KB from London heard that I use Twitter to find work.

Like many of us, she thought Twitter was a waste of time and ignored it. Maybe we can change her mind.

How I use Twitter to find technical writing work

Here’s how I use it.

Create a twitter account for your business. Add a keyword into the title, for example, if you’re an accountant, call your twitter account @Accounting140 – accountancy tips in 140 characters.

Add links to your website in the profile. Add your business logo. It has to look professional. Go to oDesk and spend $100 on a nice new logo and design.

Learn how to create Twitter lists.

  • Create a list for people who have a lot of influence in your industry.
  • Create a list for people of your competitors.
  • Create a list for people who are generous, who retweet, and who are willing to help you if you help them.
  • Keep these lists private.

Next

Follow chats. Do a Google search for twitter chats related to your industry. Add the date to your calendar.
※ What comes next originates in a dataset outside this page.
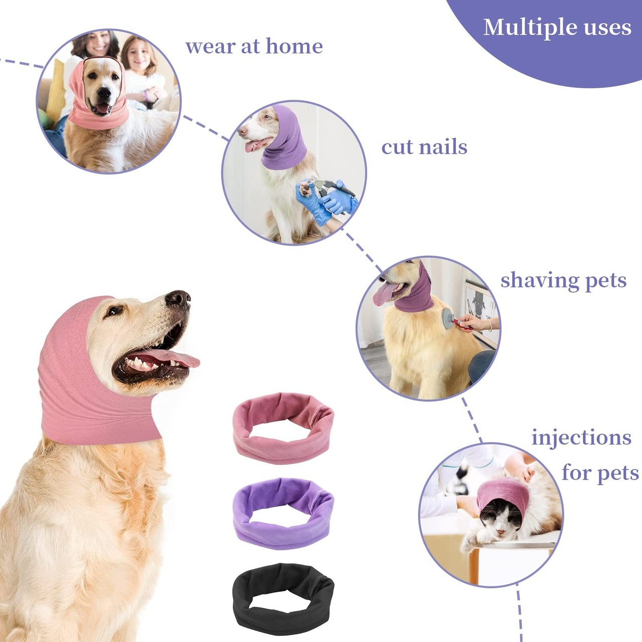 【犬の耳カバー】犬の耳カバーは厚く、快適で穏やかな圧縮により、騒音を減らし、犬を落ち着かせ、ペットの恐怖や不安を和らげることができます。

Ask questions. This works very well. Others are promoting themselves too hard. Instead, you ask questions about your line of business and help others.

Add one hashtag to every post/question. Don’t over do it.

Next

Do Searches. Here’s an example. Type the following into Twitter.

Excel ?

This returns tweets related to Excel from people with questions.

Question  = problems.

Change the text.

Excel pivot ?

Excel export ?

Excel freeze ?

Then answer these questions. If you have a site, send them there.

This works very well and takes little effort.

If you do this every day for ten minutes:

People start to follow you.

People add your account to their, usually public, lists.

They start asking you questions.

You’re seen as an expert. You can encourage them to visit your site, see your services, and connect.

Ten minutes a day. Try it.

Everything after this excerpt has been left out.